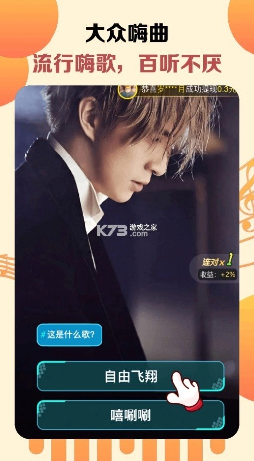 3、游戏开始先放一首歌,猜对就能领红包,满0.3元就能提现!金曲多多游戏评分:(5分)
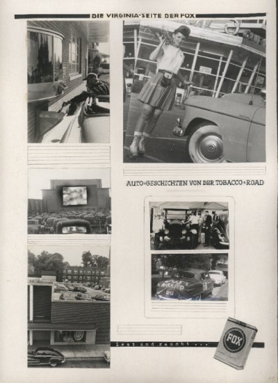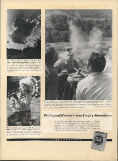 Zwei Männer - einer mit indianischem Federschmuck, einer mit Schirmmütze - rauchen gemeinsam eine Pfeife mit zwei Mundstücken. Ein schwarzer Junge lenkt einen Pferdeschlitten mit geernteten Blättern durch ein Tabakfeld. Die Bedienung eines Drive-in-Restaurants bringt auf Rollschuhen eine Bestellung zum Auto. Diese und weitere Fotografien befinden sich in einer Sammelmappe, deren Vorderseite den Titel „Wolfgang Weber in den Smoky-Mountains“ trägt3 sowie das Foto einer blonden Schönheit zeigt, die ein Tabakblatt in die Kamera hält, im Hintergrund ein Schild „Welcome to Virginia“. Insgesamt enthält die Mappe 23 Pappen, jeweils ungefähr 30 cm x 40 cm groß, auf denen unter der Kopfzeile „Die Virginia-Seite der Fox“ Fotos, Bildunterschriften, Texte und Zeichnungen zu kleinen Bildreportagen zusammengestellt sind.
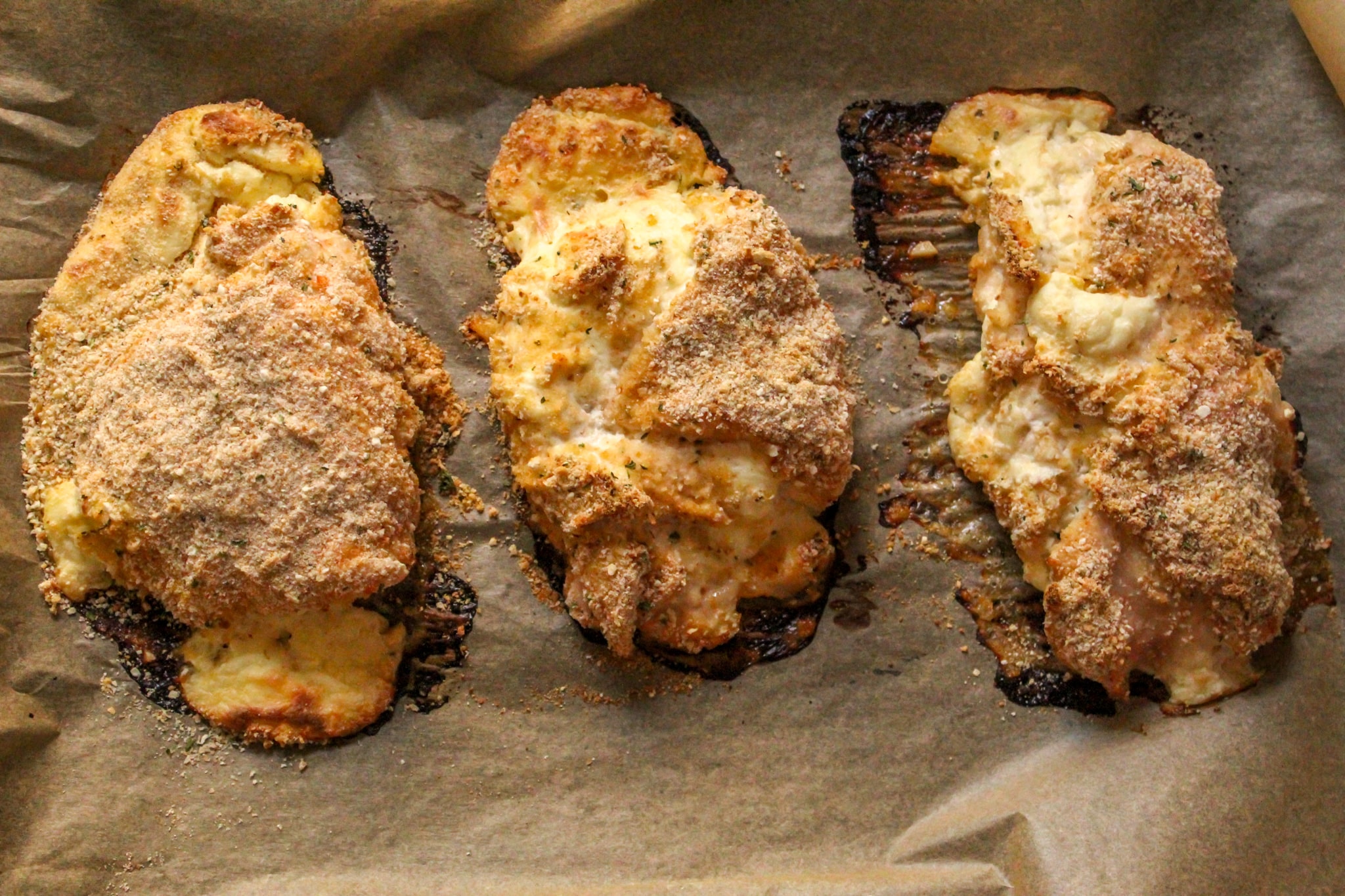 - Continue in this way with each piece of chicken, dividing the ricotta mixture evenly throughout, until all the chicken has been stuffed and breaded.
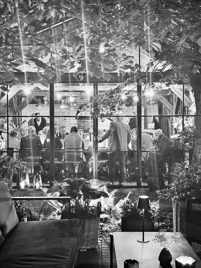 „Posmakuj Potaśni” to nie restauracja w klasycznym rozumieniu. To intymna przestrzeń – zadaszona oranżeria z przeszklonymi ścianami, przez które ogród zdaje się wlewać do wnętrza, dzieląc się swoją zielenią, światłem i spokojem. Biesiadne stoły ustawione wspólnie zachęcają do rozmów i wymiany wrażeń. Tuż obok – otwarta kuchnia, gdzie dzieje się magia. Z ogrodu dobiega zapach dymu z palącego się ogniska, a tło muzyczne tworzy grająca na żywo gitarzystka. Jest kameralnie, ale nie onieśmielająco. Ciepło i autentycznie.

--

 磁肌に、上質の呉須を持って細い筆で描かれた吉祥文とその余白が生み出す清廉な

**Description of the task**
Using the data above, return the lines from the one holding "Zwei Männer - einer" through the one holding "- Continue in" exactly, but not the pictures.

**Response**
 Zwei Männer - einer mit indianischem Federschmuck, einer mit Schirmmütze - rauchen gemeinsam eine Pfeife mit zwei Mundstücken. Ein schwarzer Junge lenkt einen Pferdeschlitten mit geernteten Blättern durch ein Tabakfeld. Die Bedienung eines Drive-in-Restaurants bringt auf Rollschuhen eine Bestellung zum Auto. Diese und weitere Fotografien befinden sich in einer Sammelmappe, deren Vorderseite den Titel „Wolfgang Weber in den Smoky-Mountains“ trägt3 sowie das Foto einer blonden Schönheit zeigt, die ein Tabakblatt in die Kamera hält, im Hintergrund ein Schild „Welcome to Virginia“. Insgesamt enthält die Mappe 23 Pappen, jeweils ungefähr 30 cm x 40 cm groß, auf denen unter der Kopfzeile „Die Virginia-Seite der Fox“ Fotos, Bildunterschriften, Texte und Zeichnungen zu kleinen Bildreportagen zusammengestellt sind.
 - Continue in this way with each piece of chicken, dividing the ricotta mixture evenly throughout, until all the chicken has been stuffed and breaded.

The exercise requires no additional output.